* _Provided data_
=== Section Start ===

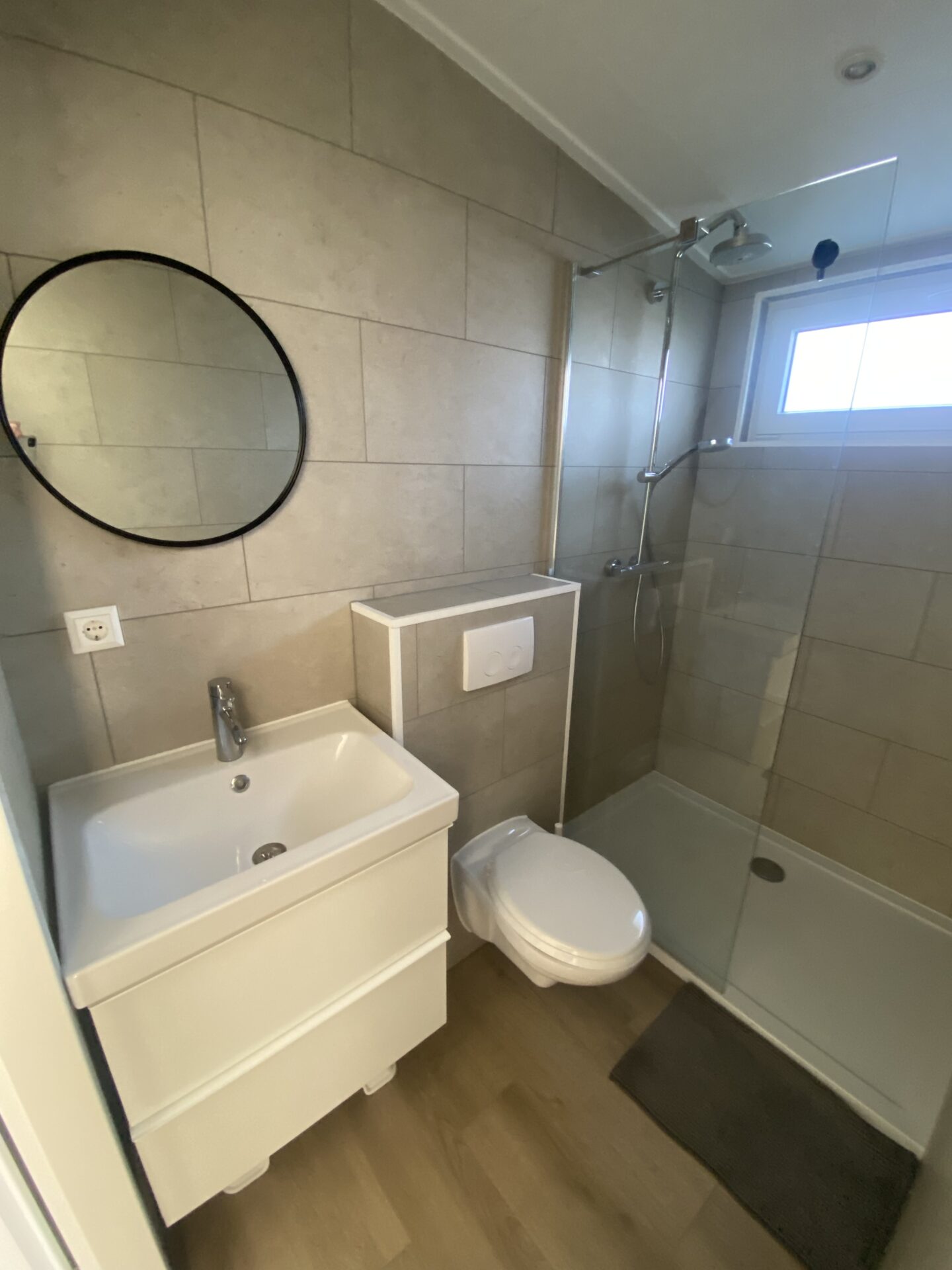 De badkamer is voorzien van een inloopdouche, wastafel en hangend toilet.
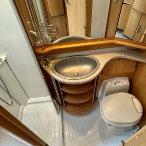 ABS brakes, Airbag, Alde, Fridge, Cab air conditioning, Ilmastointi: Automaattinen, Cassette WC, Cassette blinds, Roof hatch, Keskuslukitus: Kaukosäätöinen, Central heating, Ignition interlock, Floor heating, Stove, Hot water boiler, Sink, Power steering, Freezer compartment, Fluid circulation heating, Sun shade, Fuel-operated additional heater, Bicycle rack, Shower, Radio, Electric heating cartridge, Turbo, Vakionopeudensäädin, TV-antenni tai lautasantenni, Pysäköintikamera, Power side mirrors, Electric windows, Support legs, Double bed, Traction control, Bluetooth, Service history, Microwave oven
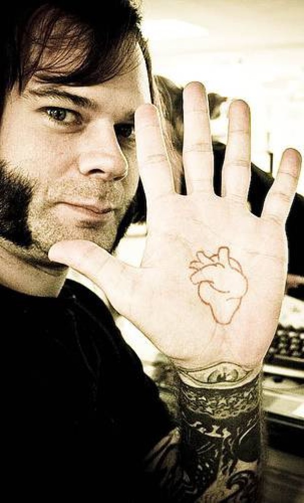 男性手部黑色简约心脏纹身图案
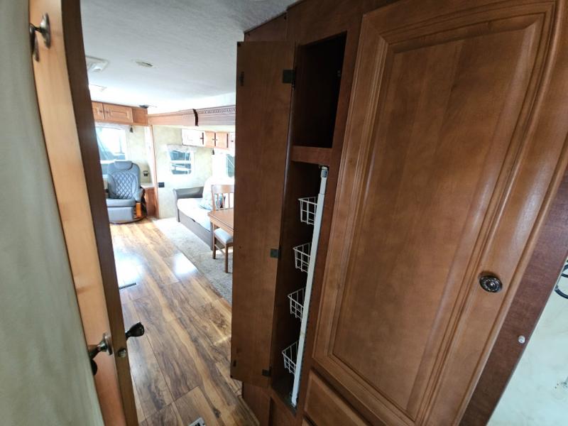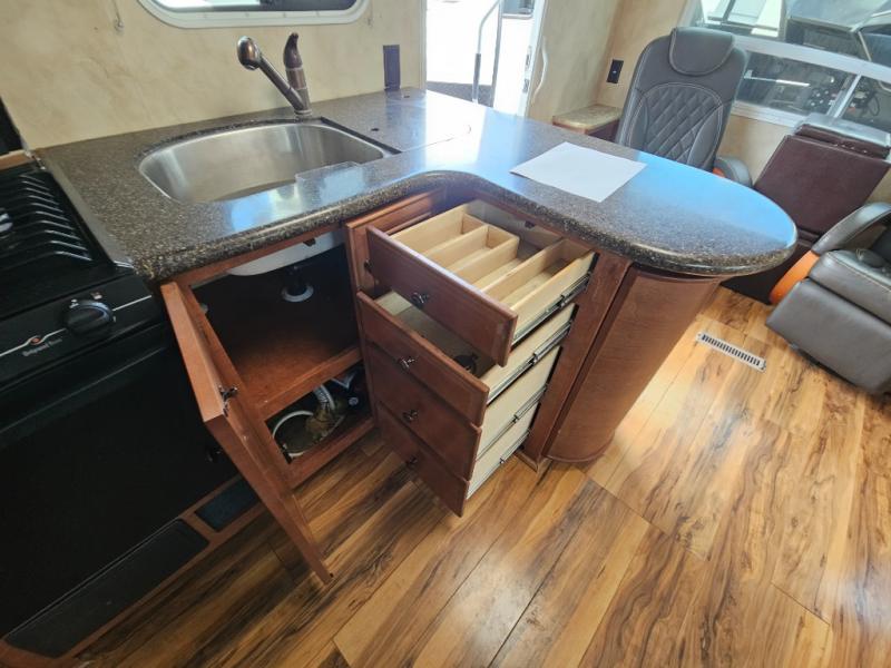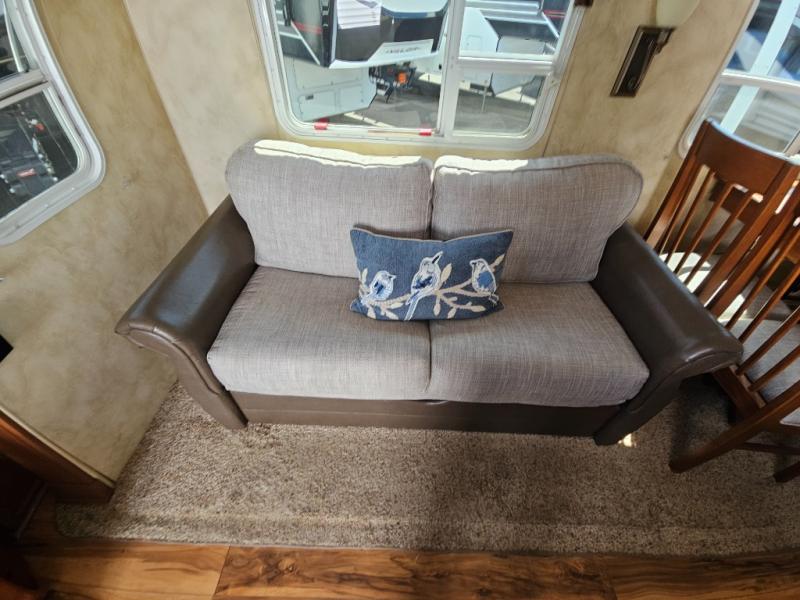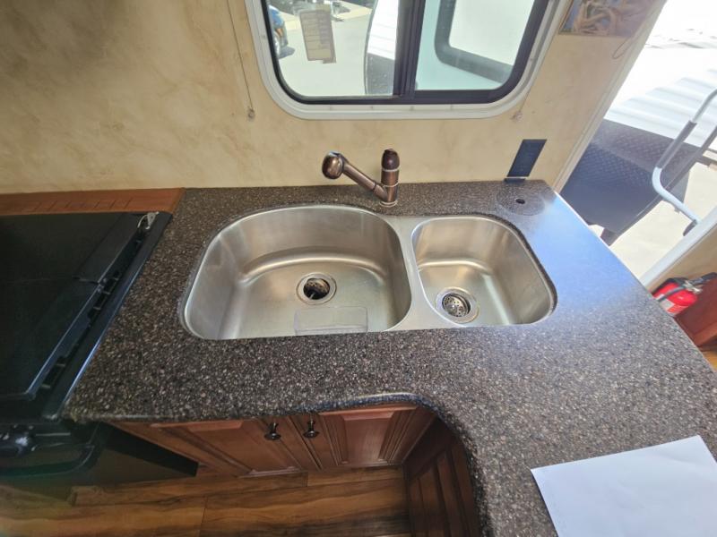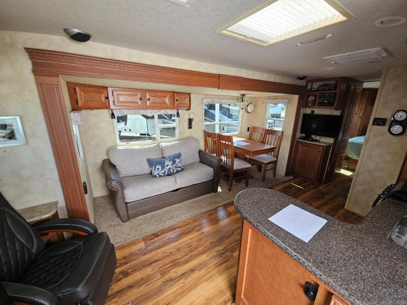 Double Slide Arctic Fox Silver Fox Edition FW w/Rear Kitchen Including Pantry, Dbl. Kitchen Sink, 3 Burner Range, Refrigerator, Pantry/TV Cabinet, Dinette & Sofa Slideout w/Overhead Storage, Swivel Chair, Step Up to Bed & Side Aisle Bath w/Angle Shower, Toilet & Sink, Linen/Wardrobe Slideout, Queen Bed w/Nightstands, Overhead Storage and More!

=== Section End ===

* _Problem to work on_
Transcribe each line of the material above verbatim, but do not include the images.

* _Answer to this task_
 De badkamer is voorzien van een inloopdouche, wastafel en hangend toilet.
 ABS brakes, Airbag, Alde, Fridge, Cab air conditioning, Ilmastointi: Automaattinen, Cassette WC, Cassette blinds, Roof hatch, Keskuslukitus: Kaukosäätöinen, Central heating, Ignition interlock, Floor heating, Stove, Hot water boiler, Sink, Power steering, Freezer compartment, Fluid circulation heating, Sun shade, Fuel-operated additional heater, Bicycle rack, Shower, Radio, Electric heating cartridge, Turbo, Vakionopeudensäädin, TV-antenni tai lautasantenni, Pysäköintikamera, Power side mirrors, Electric windows, Support legs, Double bed, Traction control, Bluetooth, Service history, Microwave oven
 男性手部黑色简约心脏纹身图案
 Double Slide Arctic Fox Silver Fox Edition FW w/Rear Kitchen Including Pantry, Dbl. Kitchen Sink, 3 Burner Range, Refrigerator, Pantry/TV Cabinet, Dinette & Sofa Slideout w/Overhead Storage, Swivel Chair, Step Up to Bed & Side Aisle Bath w/Angle Shower, Toilet & Sink, Linen/Wardrobe Slideout, Queen Bed w/Nightstands, Overhead Storage and More!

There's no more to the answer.